:: Assignment ::
Every record below should be repeated exactly, with the pictures left out.

:: Material shown ::
┄┄┄┄┄┄┄┄┄┄┄┄┄┄┄┄┄┄┄┄

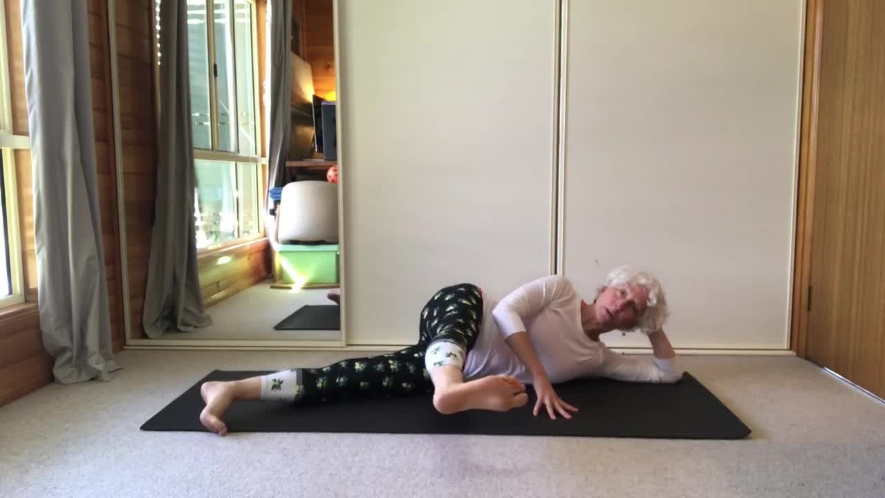 Next I'll move onto lying down all the way flat (extending the bottom arm straight out up above our head, top arm still on the mat in front of our breastbone) with the legs no longer in front of our hips but directly below them and carry on with the choreography...
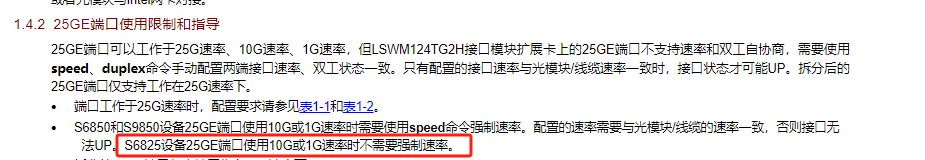 S6850和S9850设备25GE端口使用10G或1G速率时需要使用speed命令强制速率。配置的速率需要与光模块/线缆的速率一致,否则接口无法UP。S6825设备25GE端口使用10G或1G速率时不需要强制速率。
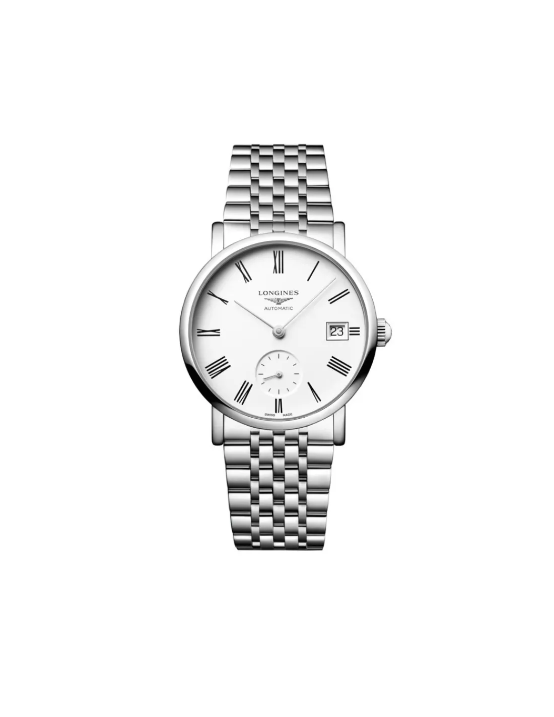 Reloj The Longines Elegant Collection para mujer con caja de acero de 34,50 mm, esfera blanco mate con números romanos pintados, agujas plateadas pulidas y brazalete. El reloj representa a la perfección el clasicismo y la sobriedad característicos de Longines. Movimiento automático Swiss Made con 72 horas de reserva de marcha aproximadamente.
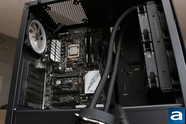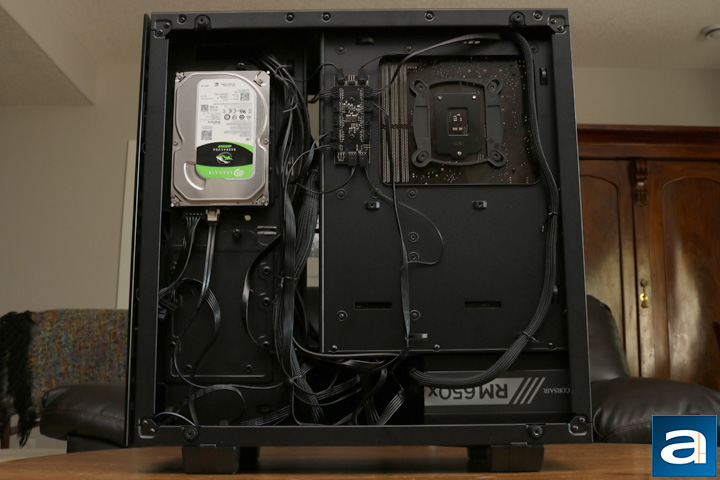 I did not do the best as I could have done with cable management, but the FSP CMT510 definitely has the tools necessary to ensure a clean final look. There are plenty of loops to tie cables down, and the power supply chamber has plenty of room for cables. FSP also includes a couple of zip ties to help in the process. The large break in the case between the hard drive mounts and the motherboard tray also makes it easy to pass cables through and organize them neatly. There is about 25 mm of space for cables on the back. The only improvement I could think of is to include Velcro straps to make it easier to tie cables down.
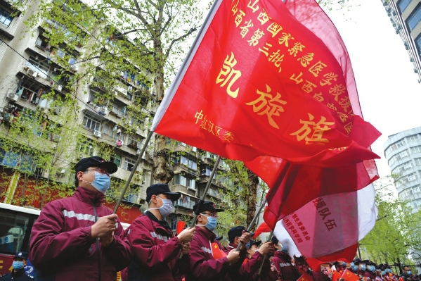 面对突如其来的新冠肺炎疫情,山西省先后派出13批1516名医护人员支援湖北,其中共产党员583名,火线入党342名。图为2020年3月,湖北省武汉市江汉区委、区政府赠授给山西国家紧急医学救援队凯旋旗。
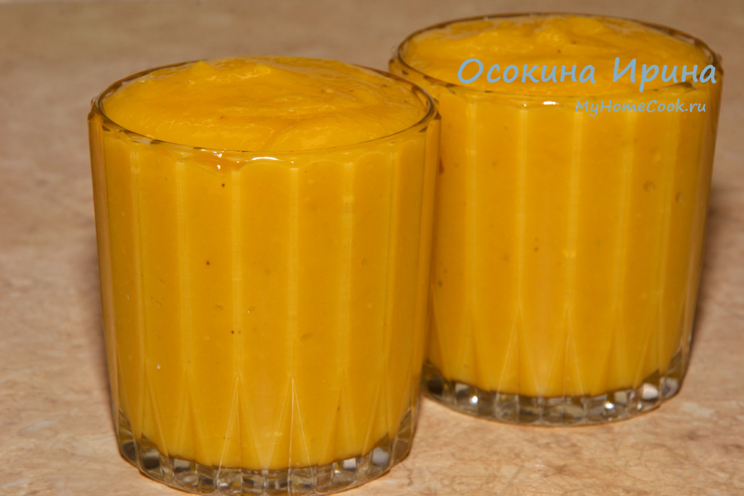 Смузи полезны для организма, так как обогащают его витаминами, минералами и клетчаткой, улучшая пищеварение, укрепляя иммунитет и способствуя контролю веса. А ещё это очень быстро и просто. Сегодня у меня тропическая тематика: в чашу блендера сложила резаную мякоть 1 крупного манго и 2 резаных банана, добавила 1/2 ч.л. куркумы и пробила хорошенько до гомогенного состояния, разложила (именно разложила - льётся довольно тяжело))) по бокалам и подала. Куркума во всех смыслах расцветила и украсила довольно привычное сочетание)
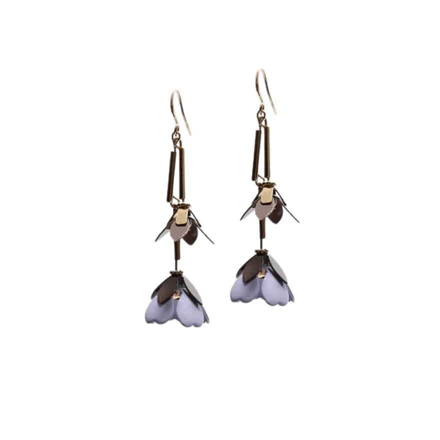 Cvjetne naušnice s nježno plavim laticama i zlatnim detaljima donose romantičan pristup chunky trendu. Njihova duljina i delikatni motiv stvaraju zanimljiv kontrast između veličine i ženstvenosti. Ove naušnice su idealan izbor za brunch ili romantičnu večeru gdje želite dodati dozu zaigranosti svojem looku.
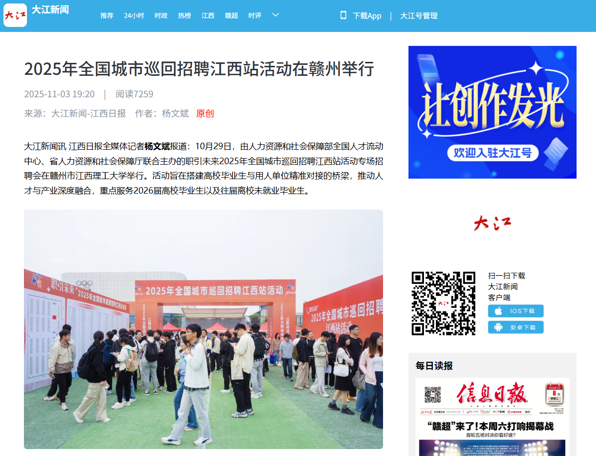 大江新闻讯 江西日报全媒体记者杨文斌报道:10月29日,由人力资源和社会保障部全国人才流动中心、省人力资源和社会保障厅联合主办的职引未来2025年全国城市巡回招聘江西站活动专场招聘会在赣州市快猫 举行。活动旨在搭建高校毕业生与用人单位精准对接的桥梁,推动人才与产业深度融合,重点服务2026届高校毕业生以及往届离校未就业毕业生。
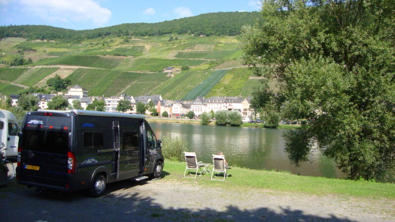 Een weekend uitrusten aan de Moezel. Heerlijk weer en een mooie omgeving, wat wil je nog meer? Lekker gewandeld en Zell bezichtigd, veel gerust en iets te lang in de zon gelegen. Vrijdag naar de Keltische belage in Kaimt (300 meter van onze camperplaats) geweest. Dit gaat over de Kelten (Kaimt) aan de ene kant van de Moezel en de Romeinen aan de andere kant (Zell). Na een harde strijd komt een verbroedering en deze wordt gevierd in de wijnkelders in Kaimt. Daar vloeit de wijn rijkelijk en het is ons niet gelukt om overal te proeven. Wel genoten van goed eten en drinken. Zaterdag naar Luc & Lia gereden in Meisburg (Tussen Daun en Bitburg) Daar kwamen Tom & Ilse ook op visite en na hard werken van de heren (2 aanhangers groen afval storten) en een fikse wandeling van de dames met de honden was het aangenaam vertoeven met zelf gedistilleerde Palenka en bier. 's-Avonds nog naar de (Kermis) lees drankgelag geweest, een paar honderd meter vanaf het huis van Luc & Lia. Daarna nog gezellig op eigen terras. Zondag terug naar huis na een aantal heerlijke dagen.

┄┄┄┄┄┄┄┄┄┄┄┄┄┄┄┄┄┄┄┄

:: The completed task ::
 Next I'll move onto lying down all the way flat (extending the bottom arm straight out up above our head, top arm still on the mat in front of our breastbone) with the legs no longer in front of our hips but directly below them and carry on with the choreography...
 S6850和S9850设备25GE端口使用10G或1G速率时需要使用speed命令强制速率。配置的速率需要与光模块/线缆的速率一致,否则接口无法UP。S6825设备25GE端口使用10G或1G速率时不需要强制速率。
 Reloj The Longines Elegant Collection para mujer con caja de acero de 34,50 mm, esfera blanco mate con números romanos pintados, agujas plateadas pulidas y brazalete. El reloj representa a la perfección el clasicismo y la sobriedad característicos de Longines. Movimiento automático Swiss Made con 72 horas de reserva de marcha aproximadamente.
 I did not do the best as I could have done with cable management, but the FSP CMT510 definitely has the tools necessary to ensure a clean final look. There are plenty of loops to tie cables down, and the power supply chamber has plenty of room for cables. FSP also includes a couple of zip ties to help in the process. The large break in the case between the hard drive mounts and the motherboard tray also makes it easy to pass cables through and organize them neatly. There is about 25 mm of space for cables on the back. The only improvement I could think of is to include Velcro straps to make it easier to tie cables down.
 面对突如其来的新冠肺炎疫情,山西省先后派出13批1516名医护人员支援湖北,其中共产党员583名,火线入党342名。图为2020年3月,湖北省武汉市江汉区委、区政府赠授给山西国家紧急医学救援队凯旋旗。
 Смузи полезны для организма, так как обогащают его витаминами, минералами и клетчаткой, улучшая пищеварение, укрепляя иммунитет и способствуя контролю веса. А ещё это очень быстро и просто. Сегодня у меня тропическая тематика: в чашу блендера сложила резаную мякоть 1 крупного манго и 2 резаных банана, добавила 1/2 ч.л. куркумы и пробила хорошенько до гомогенного состояния, разложила (именно разложила - льётся довольно тяжело))) по бокалам и подала. Куркума во всех смыслах расцветила и украсила довольно привычное сочетание)
 Cvjetne naušnice s nježno plavim laticama i zlatnim detaljima donose romantičan pristup chunky trendu. Njihova duljina i delikatni motiv stvaraju zanimljiv kontrast između veličine i ženstvenosti. Ove naušnice su idealan izbor za brunch ili romantičnu večeru gdje želite dodati dozu zaigranosti svojem looku.
 大江新闻讯 江西日报全媒体记者杨文斌报道:10月29日,由人力资源和社会保障部全国人才流动中心、省人力资源和社会保障厅联合主办的职引未来2025年全国城市巡回招聘江西站活动专场招聘会在赣州市快猫 举行。活动旨在搭建高校毕业生与用人单位精准对接的桥梁,推动人才与产业深度融合,重点服务2026届高校毕业生以及往届离校未就业毕业生。
 Een weekend uitrusten aan de Moezel. Heerlijk weer en een mooie omgeving, wat wil je nog meer? Lekker gewandeld en Zell bezichtigd, veel gerust en iets te lang in de zon gelegen. Vrijdag naar de Keltische belage in Kaimt (300 meter van onze camperplaats) geweest. Dit gaat over de Kelten (Kaimt) aan de ene kant van de Moezel en de Romeinen aan de andere kant (Zell). Na een harde strijd komt een verbroedering en deze wordt gevierd in de wijnkelders in Kaimt. Daar vloeit de wijn rijkelijk en het is ons niet gelukt om overal te proeven. Wel genoten van goed eten en drinken. Zaterdag naar Luc & Lia gereden in Meisburg (Tussen Daun en Bitburg) Daar kwamen Tom & Ilse ook op visite en na hard werken van de heren (2 aanhangers groen afval storten) en een fikse wandeling van de dames met de honden was het aangenaam vertoeven met zelf gedistilleerde Palenka en bier. 's-Avonds nog naar de (Kermis) lees drankgelag geweest, een paar honderd meter vanaf het huis van Luc & Lia. Daarna nog gezellig op eigen terras. Zondag terug naar huis na een aantal heerlijke dagen.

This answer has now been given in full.